Ya estaba. Lo había contado todo. Gran parte eran deducciones, inferencias. No tenía ninguna fuente primaria sobre el hermano Joachim, por ejemplo, pero yo le había encontrado las memorias de un abad del convento de Estrasburgo en las que cita a Joachim diciendo: «El gran fracaso de Oberhochwald trajo la más terrible de las maldiciones sobre sus cabezas, algo sobre lo que yo los había advertido repetidas veces», lo cual parecía una prueba bastante clara de su condenación.

Ella se lo quedó mirando. La cabeza le daba vueltas. «¿Alienígenas? ¿En la Alemania medieval?» Era fantástico, increíble. ¿Hablaba en serio? Lo escuchó mientras le contaba la historia. ¡Su solución era más increíble que el problema original!

—¿Y crees que esa historia es cierta? —preguntó cuando él terminó.

—Sí. Y Anton también. —Le mostró una nota que acompañaba las páginas—. Y no es ningún tonto.

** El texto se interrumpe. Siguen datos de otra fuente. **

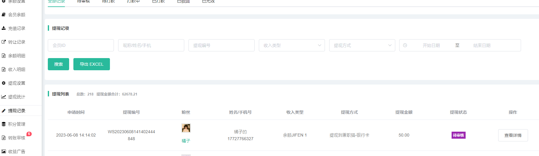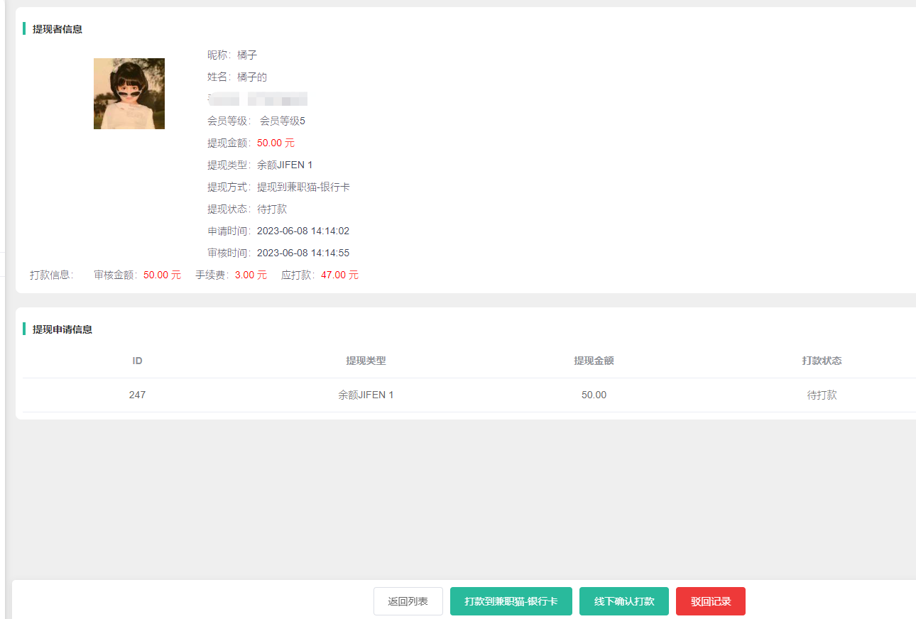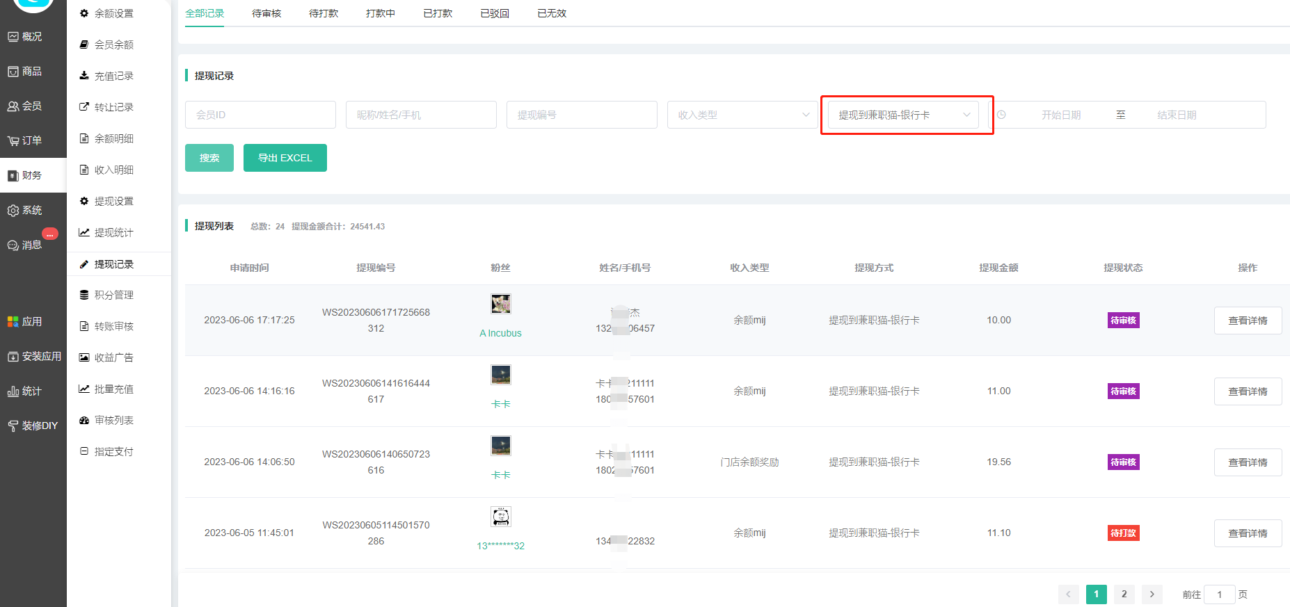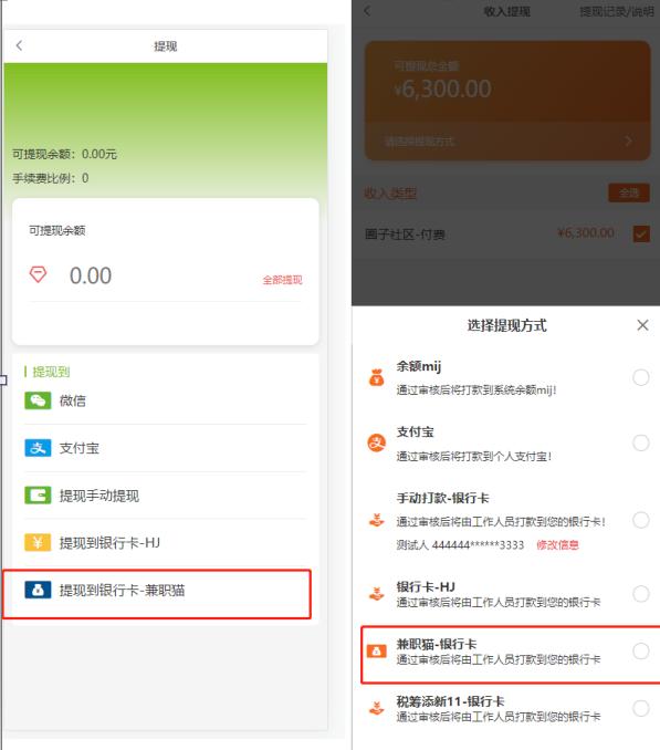 商城后台-财务-提款信息: 新增 ‘提款到兼职猫-银行卡’ 提款方式

Ella leyó la nota rápidamente.

—No lo dice claramente —recalcó.

Tom sonrió.

—Ya te digo que no es ningún tonto.

—Eso queda para ti, supongo. Lo que me gustaría saber es por qué has metido en esto el espacio Nagy. Si estás decidido a arruinar tu reputación, ¿no puedes dejar que la mía se salve?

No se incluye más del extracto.